Download the variables for the entire country at the block group level.
- There are almost 240,000 census block groups in the 50 states and DC.
- We will download all 16 variables for all of them.
Compute diversity and integration metrics at the census tract level.
- There are over 84,000 census tracts in the 50 states and DC.
- Integration expresses how integrated the block groups within a tract are.
Attach geography bounds to all the census tracts.
- This process will transparently download and cache census map data on a state by state basis.
- censusdis will determine how to do this and manage the process.
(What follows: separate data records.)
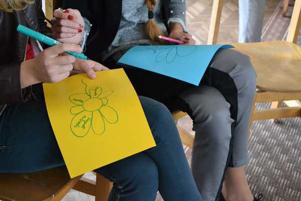Розпочався захід із вправи «Сила квітів», яка мала за мету розвинути розуміння зв’язку з потребами людини, особистим благополуччям і правами людини, зміцнити солідарність і повагу до відмінних рис.
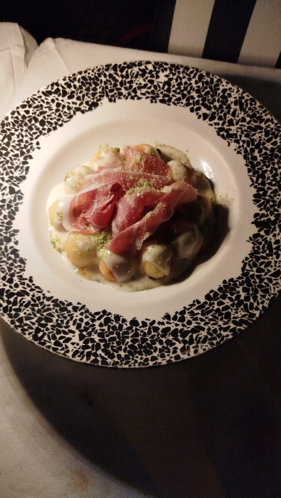 Ο executive chef του ομίλου Δημήτρης Σταμούδης και ο chef de Cuisine Γιάννης Σοφιανός βουτούν βαθιά στα ιερά της ιταλικής παράδοσης των ζυμαρικών τολμώντας να αναμετρηθούν με επιτυχία με συνταγές, όπως μια amatriciana (παρόλο που το guanciale είχε αντικατασταθεί από καπνιστή πανσέτα) ή μια cacio e pepe με καλοσχηματισμένη κρέμα από Pecorino Romano και το νερό του βρασμού των μακαρονιών. Στις πρώτες γραμμές ενός περιεκτικού καταλόγου φιγουράρει ένα από τα γευστικά σουξέ του: τα gnocchi. Δεν θα τα δείτε να λείπουν σχεδόν από κανένα τραπέζι. Βούτυρο φασκόμηλου, prosciutto, κρέμα παρμεζάνας και αμύγδαλο και στο κέντρο αυτά τα τροφαντά μπαλάκια από πατάτα.
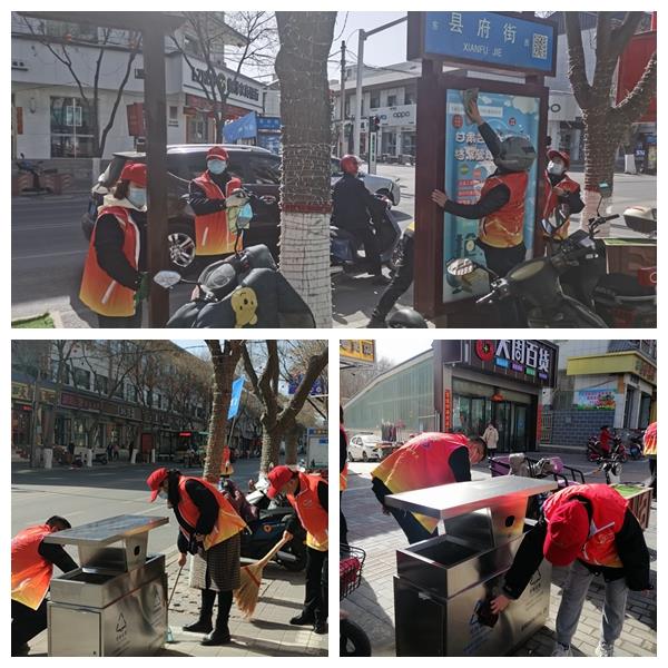 活动中,参加志愿服务活动的干部职工身着整齐的志愿者服装来到县府街,对沿线道路开展环境卫生大扫除,经过参加志愿服务干部职工的一次次认真清扫,一遍遍细心擦拭,使道路两边的路灯杆、垃圾桶、公交车站点面貌焕然一新,获得了过往市民的点赞。

No user input is required.
Download state boundaries.
- This is simply to make our final maps look better.
Plot maps showing nationwide diversity and integration.
- Data is plotted at the census tract level.
- Alaska and Hawaii are automatically relocated on the map to better use output real estate.
- The state boundaries are plotted to make the maps more readable.
Determine which regions of the country have most concentrated number of the most and least diverse and integrated tracts.
- We compute the top and bottom 10% of each metric.
- We scatter plot them on maps.

Even in a fresh python environment with no data pre-cached locally, this entire process can be run on a fairly standard laptop with a high-speed internet connection in a just a few minutes.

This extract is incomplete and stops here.